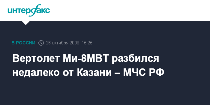 Москва. 26 октября. INTERFAX.RU - Вертолет Ми-8МВТ разбился недалеко от Казани, есть данные об одном погибшем, сообщил "Интерфаксу" в воскресенье оперативный дежурный МЧС РФ.
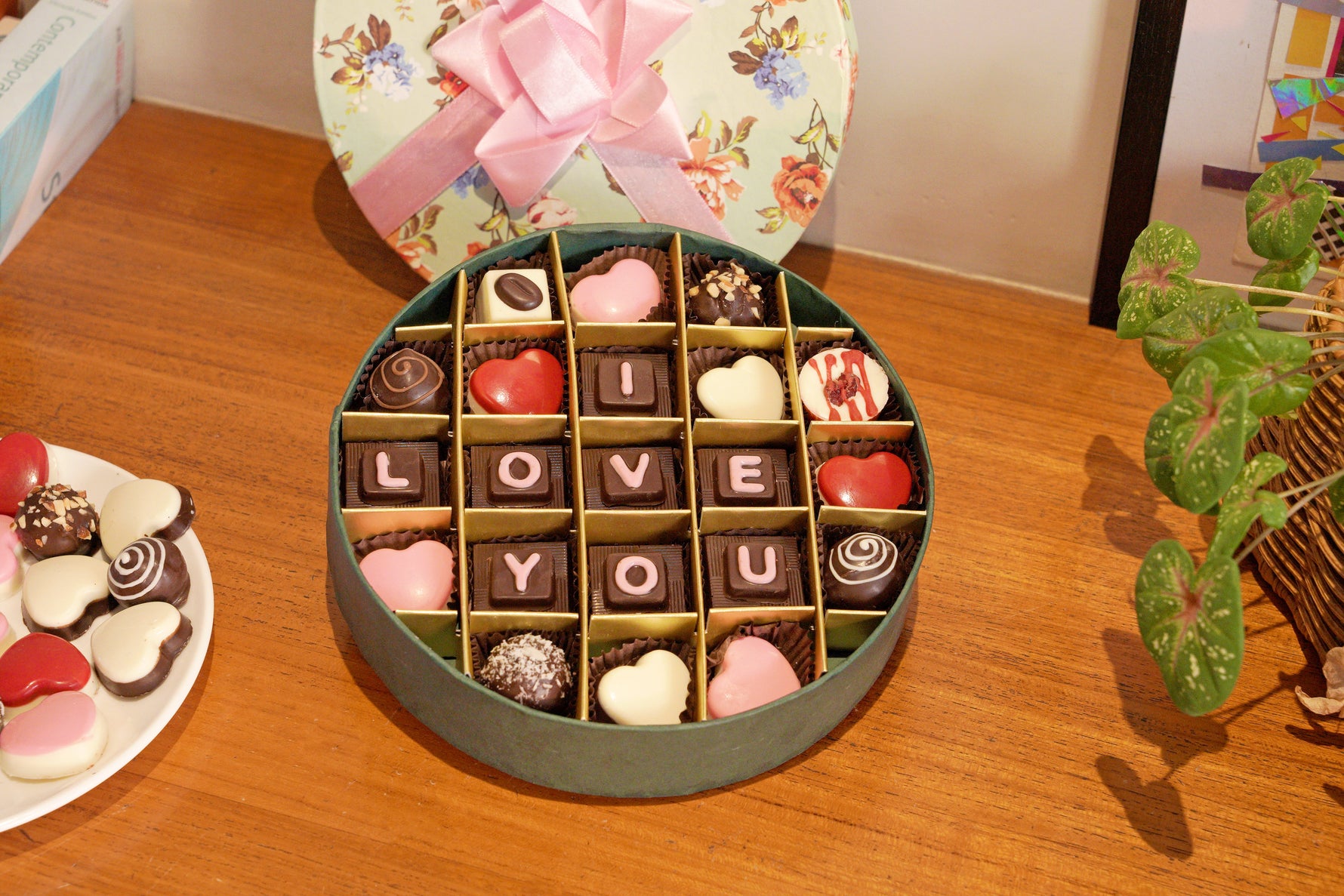21 assorted chocolate with I love you letters (coffee, hazelnut truffle, milk truffle, cranberry, darl truffle, coconut truffle, etc)
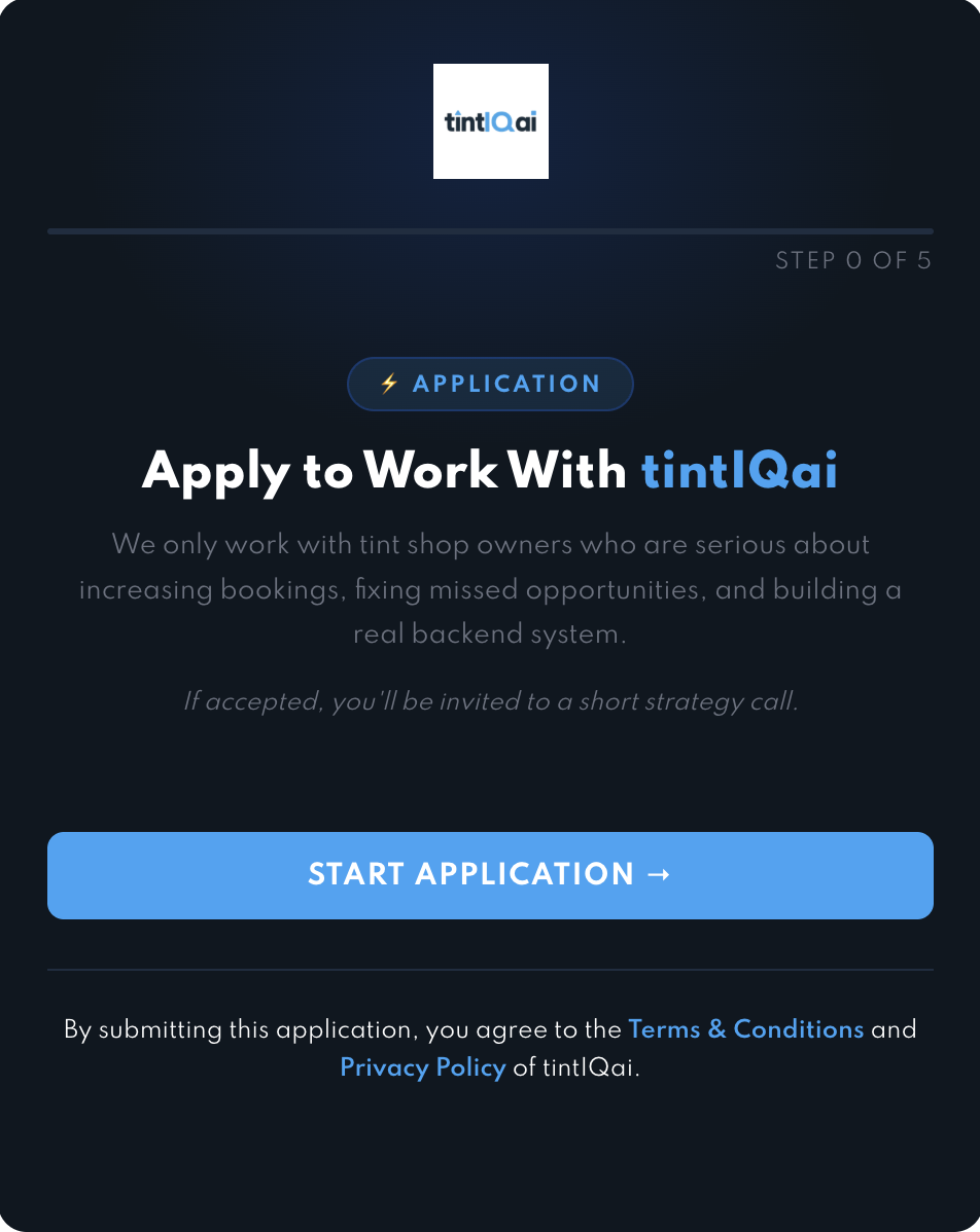 tintIQai handles all the lead capture, follow-up, booking, and review requests in the background. It's installed once and runs 24/7—keeping your shop booked while you focus on installations.
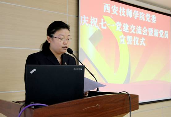 学院党委委员、副院长冯小平代表学院党委宣读了《中共西安技师学院委员会关于批准张依恒等32名同志转为中国共产党预备党员的通知》,对新入党的同志表示衷心地祝贺;在学管中心党支部书记杨兵同志的带领下,全体新发展党员面对党旗庄严宣誓,在场的每一位同志用发自内心的声音宣读入党誓词,抒发了对党组织的忠诚;19WG电力系统班学生袁金金作为新发展党员代表做表态发言,她表示今后将从各方面不断完善自我,以一名共产党员的标准严格要求自己,在日常学习工作中发挥党员模范作用,为党的事业不懈奋斗。
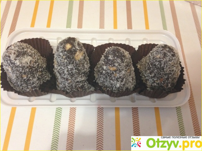 В коробочке четыре пирожных, разных по величине. Все правильно, близнецов среди плодов картофеля нет. Каждое пирожное присыпано кокосовой стружкой, весьма умеренно присыпано. Для меня это и к лучшему, не люблю ни чего кокосового.
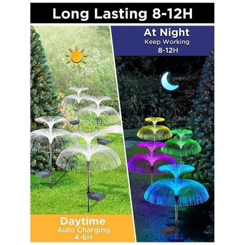 Ліхтар садовий на сонячній батареї Медуза подвійна RGB є інноваційним та естетичним рішенням для освітлення садових територій. Цей світильник поєднує у собі сучасні технології світлодіодного освітлення та відновлюваної енергії сонячних батарей, забезпечуючи екологічне та енергоефективне рішення для вашого саду. Світильник легко встановлюється без дротів завдяки використанню сонячної енергії.
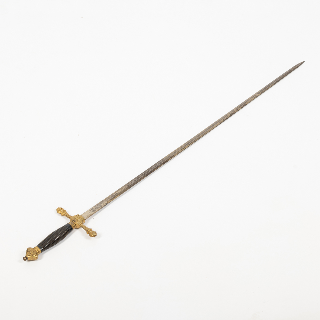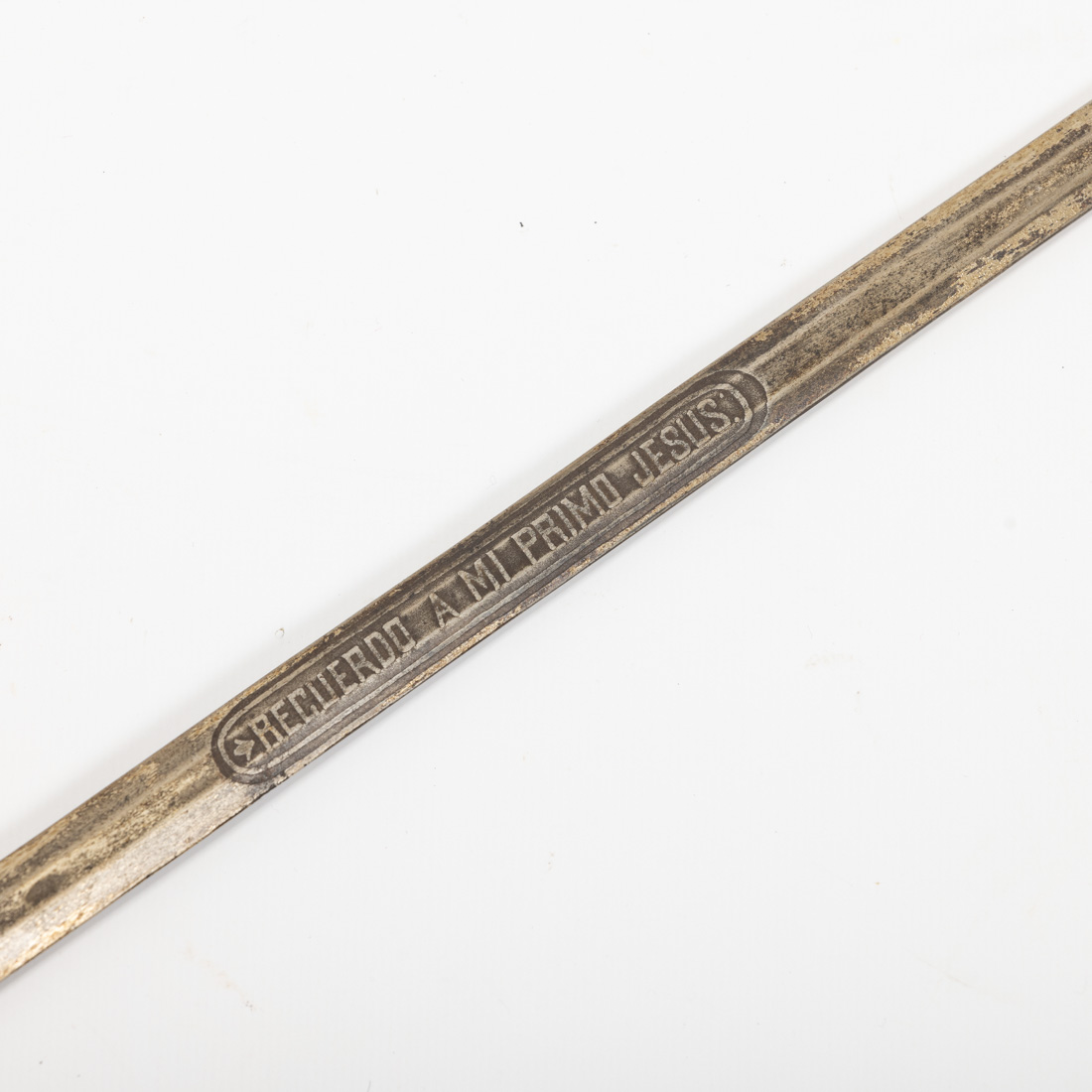 Com lâmina marcada Fabrica de Toledo. Pomo em bronze cinzelado em feitio de coroa com um Fascio falangista num dos lados, punho em madeira exótica anelada, guardas em cruz cinzeladas no memo estilo lâmina estreita com interessante e problemática dedicatória "RECUERDO A MI PRIMO JESUS" e do outro lado "RECUERDO de TU PRIMO DIONISIO Y SUS AMIGOS 1928" De notar o feroz regime "Roxo" que ensombrava a Península nesta data. Peça carregada de História. Sem bainha.
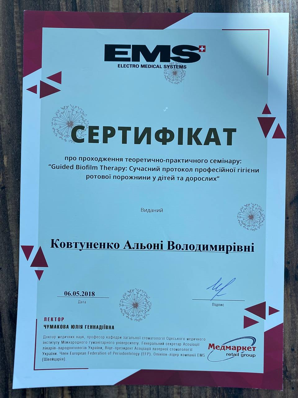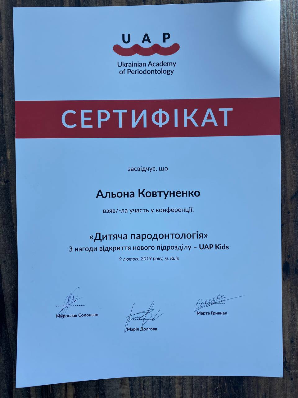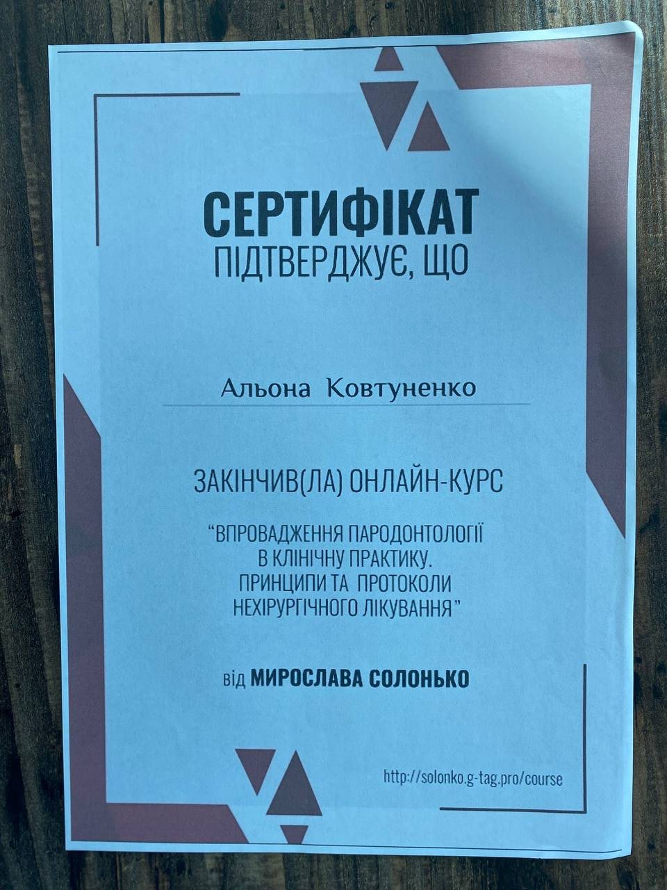 Член украинской академии пародонтологии. Занимается ведением пациентов с комплексными планами лечения.

**Work order**
If a picture appears among the records, leave it out, and otherwise reproduce exactly every line from the first line through the one with "В коробочке четыре", both included.

**Response**
 Москва. 26 октября. INTERFAX.RU - Вертолет Ми-8МВТ разбился недалеко от Казани, есть данные об одном погибшем, сообщил "Интерфаксу" в воскресенье оперативный дежурный МЧС РФ.
21 assorted chocolate with I love you letters (coffee, hazelnut truffle, milk truffle, cranberry, darl truffle, coconut truffle, etc)
 tintIQai handles all the lead capture, follow-up, booking, and review requests in the background. It's installed once and runs 24/7—keeping your shop booked while you focus on installations.
 学院党委委员、副院长冯小平代表学院党委宣读了《中共西安技师学院委员会关于批准张依恒等32名同志转为中国共产党预备党员的通知》,对新入党的同志表示衷心地祝贺;在学管中心党支部书记杨兵同志的带领下,全体新发展党员面对党旗庄严宣誓,在场的每一位同志用发自内心的声音宣读入党誓词,抒发了对党组织的忠诚;19WG电力系统班学生袁金金作为新发展党员代表做表态发言,她表示今后将从各方面不断完善自我,以一名共产党员的标准严格要求自己,在日常学习工作中发挥党员模范作用,为党的事业不懈奋斗。
 В коробочке четыре пирожных, разных по величине. Все правильно, близнецов среди плодов картофеля нет. Каждое пирожное присыпано кокосовой стружкой, весьма умеренно присыпано. Для меня это и к лучшему, не люблю ни чего кокосового.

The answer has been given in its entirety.